I thought it would be a fun exercise to write out some basics about general text-based search and also implement a simple inverted index (really only in Rust because I like the language a lot). Let's dive in!

A brief primer

An inverted index is a fundamental data structure in the search world, powering text-based search for libraries like Apache Lucene and Tantivy.

To illustrate an inverted index, it's helpful to contrast with a forward index.

Forward index

A forward index maps documents to the set of terms they contain:

DocumentTerms
1the lord of the rings the fellowship of the ring
2the lord of the rings the two towers
3the lord of the rings the return of the king
4star wars episode vi return of the jedi
......

Now imagine if we had a full catalog of movies, and we want to query for words in titles (or even something like scripts). In a traditional forward index, that query might look something like:

SELECT * FROM movies WHERE title LIKE '%return%';

Due to the structure above, this query requires scanning over every document in the index and checking if the term exists in the title. This can quickly get out of hand (especially with respect to latency) as datasets grow and grow (by row count, but also terms per document).

Inverted index

An inverted index flips the forward index, and maps a set of terms to the documents they appear in:

TermDocuments
episode4
fellowship1
jedi4
king3
lord1, 2, 3
of1, 2, 3, 4
return3, 4
ring1
rings1, 2, 3
star4
the1, 2, 3, 4
towers2
two2
vi4
wars4

Here we see each term mapped to the documents in which they appear (also notice that the index is sorted alphabetically by term,a small optimization).

The set of matching documents (the structure in the right column) is often called a posting list (or postings).

The other commonly associated structure with an inverted index is the dictionary.

The dictionary is the unique set of the terms that exists in the index. It contains pointers from each term to its respective posting list (for fast lookups). Since the posting lists can be quite large, dictionaries are often kept in-memory and point to the location of the posting list on disk.

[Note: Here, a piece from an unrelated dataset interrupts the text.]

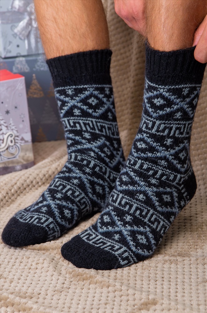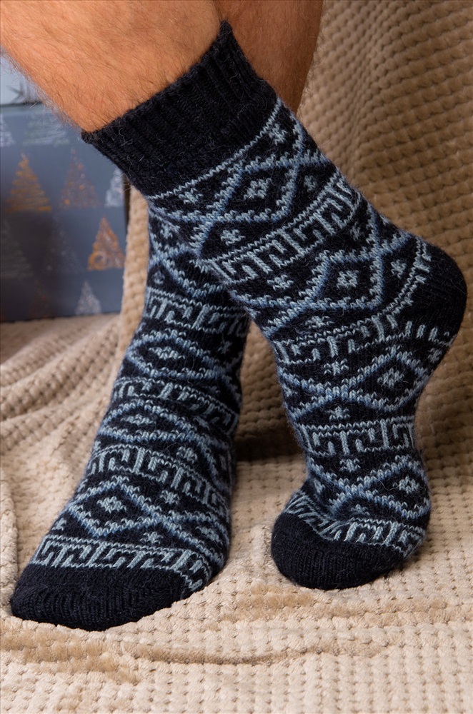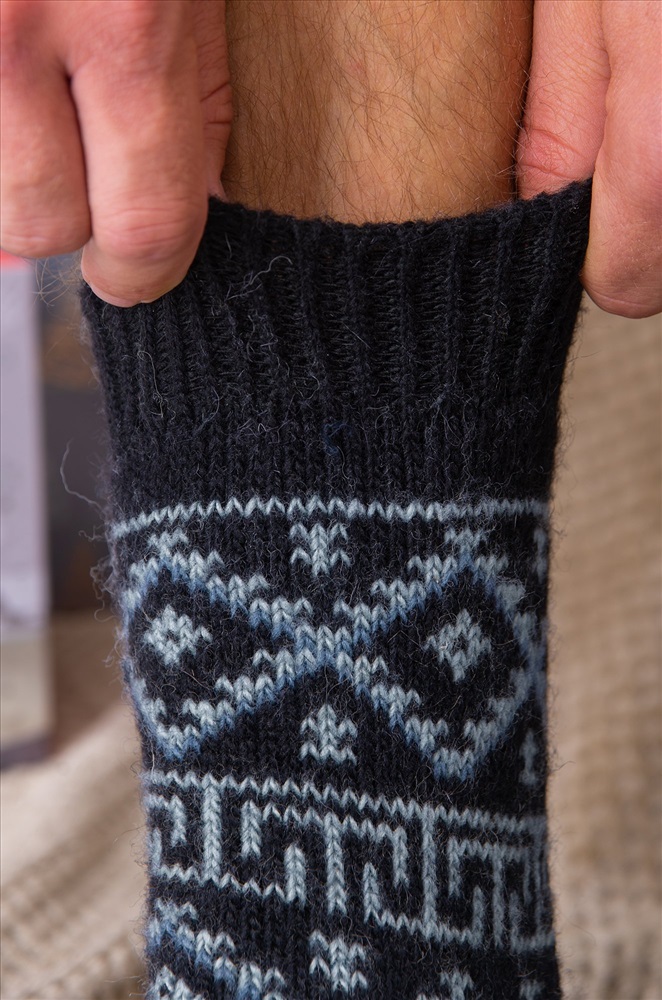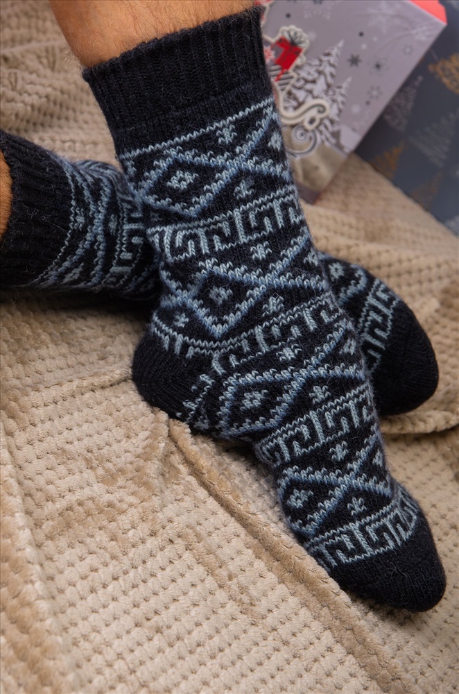 Широкая мягкая резинка обеспечивает идеальную посадку и дополнительное тепло. Рисунок с орнаментом не только украшает, но и делает эти удлиненные носки для мужчин отличным выбором для подарка на Новый год или Рождество.

Additional metadata such as document frequency, which tells us how many documents contain each term (also equal to the length of the posting list), may also be stored on the dictionary. Document frequency can be helpful for ranking our documents after retrieval, which we will discuss more in a bit.

Searching

Instead of the full index scan that needs to occur with the forward index, we can now do a term-lookup in approximately constant time. These faster lookups generally come at the cost of slower write speeds due to the complexity of the indexing (we'll dive into this later), but the faster reads generally outweigh the costs here.

For example, we can search for "return" and see that documents 3 and 4 have a match and return those documents. This reduced our operation count from scanning n rows to reading the index and operating on the matching documents (which will almost always be much less than the total indexed rows).

Boolean operators

Since the result of the lookup is document ids (or the posting list), we can also take advantage of set operations (AND, OR, NOT) to introduce more powerful querying paradigms which can expand or narrow our result set.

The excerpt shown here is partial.